◆ **Exercise description**
Whenever an image turns up, omit it and return the remaining data exactly.
[Dataset excerpt Boundary: Start]
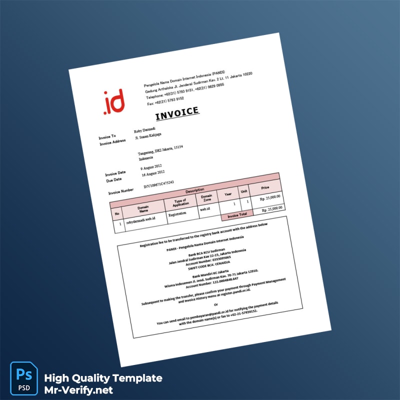 Indonesia PANDI Invoice Template in Word and PDF formats
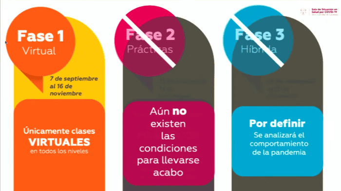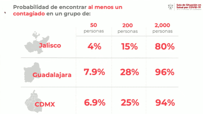 La Universidad de Guadalajara (UdeG) descartó hoy volver a clases presenciales para el 14 de octubre, como había previsto, y continuará con la fase 100% virtual en todos los niveles por lo menos hasta mediados noviembre debido a la contingencia por el coronavirus."No podremos entrar a la fase 2 de clases prácticas y continuaremos en la fase 1 hasta el 16 de noviembre", dijo este martes el rector de la UdeG, Ricardo Villanueva, durante la presentación un análisis del actual escenario epidemiológico en el estado.Aunque se puso el nuevo plazo, Villanueva admitió que es poco probable que se regrese a las aulas en lo que resta del año 2020."Honestamente creemos que las clases teóricas será difícil que regresemos este año", dijo el rector.Reconoció que las prácticas, como laboratorios, resultan en un problema académico por lo que, cuando haya condiciones de volver a las aulas, será solo para esas clases prácticas.Las autoridades de la UdeG consideraron que la situación actual de la pandemia en Jalisco no permite el regreso a las aulas.La probabilidad de encontrar al menos un contagiado de coronavirus en un grupo de 50 personas en Guadalajara es de 7.9%; en uno de 200 personas, de 28%, mientras que en uno de 2 mil personas aumenta a 96%, según los datos presentados por la Sala de Situación de Salud por COVID-19 de la universidad.Esto significa más riesgo comparado con la Ciudad de México, donde la probabilidad de hallar un contagiado es de 6.9% en el caso de un grupo de 50 personas; de 25%, con 200 personas, y de 94% con 2 mil personas.IM
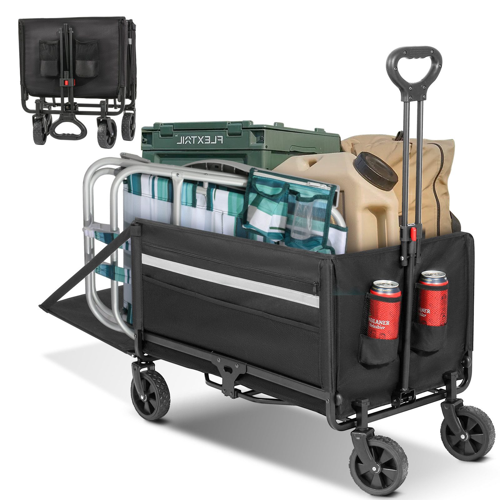 Praktisches Design + durchdachte Details! Flaschenöffner + Multifach! Der Bollerwagen mit integriertem Flaschenöffner ist ideal für Camping, Grillen und Partys – immer ein kühles Getränk griffbereit, ohne extra Werkzeug. Dank Becherhaltern, Seitentaschen und Netzfächern sind Wasserflaschen und Kleinigkeiten gut verstaut und schnell zur Hand. Perfekt organisiert, maximal praktisch!
[Dataset excerpt Boundary: End]
◆ **Written answer**
 Indonesia PANDI Invoice Template in Word and PDF formats
 La Universidad de Guadalajara (UdeG) descartó hoy volver a clases presenciales para el 14 de octubre, como había previsto, y continuará con la fase 100% virtual en todos los niveles por lo menos hasta mediados noviembre debido a la contingencia por el coronavirus."No podremos entrar a la fase 2 de clases prácticas y continuaremos en la fase 1 hasta el 16 de noviembre", dijo este martes el rector de la UdeG, Ricardo Villanueva, durante la presentación un análisis del actual escenario epidemiológico en el estado.Aunque se puso el nuevo plazo, Villanueva admitió que es poco probable que se regrese a las aulas en lo que resta del año 2020."Honestamente creemos que las clases teóricas será difícil que regresemos este año", dijo el rector.Reconoció que las prácticas, como laboratorios, resultan en un problema académico por lo que, cuando haya condiciones de volver a las aulas, será solo para esas clases prácticas.Las autoridades de la UdeG consideraron que la situación actual de la pandemia en Jalisco no permite el regreso a las aulas.La probabilidad de encontrar al menos un contagiado de coronavirus en un grupo de 50 personas en Guadalajara es de 7.9%; en uno de 200 personas, de 28%, mientras que en uno de 2 mil personas aumenta a 96%, según los datos presentados por la Sala de Situación de Salud por COVID-19 de la universidad.Esto significa más riesgo comparado con la Ciudad de México, donde la probabilidad de hallar un contagiado es de 6.9% en el caso de un grupo de 50 personas; de 25%, con 200 personas, y de 94% con 2 mil personas.IM
 Praktisches Design + durchdachte Details! Flaschenöffner + Multifach! Der Bollerwagen mit integriertem Flaschenöffner ist ideal für Camping, Grillen und Partys – immer ein kühles Getränk griffbereit, ohne extra Werkzeug. Dank Becherhaltern, Seitentaschen und Netzfächern sind Wasserflaschen und Kleinigkeiten gut verstaut und schnell zur Hand. Perfekt organisiert, maximal praktisch!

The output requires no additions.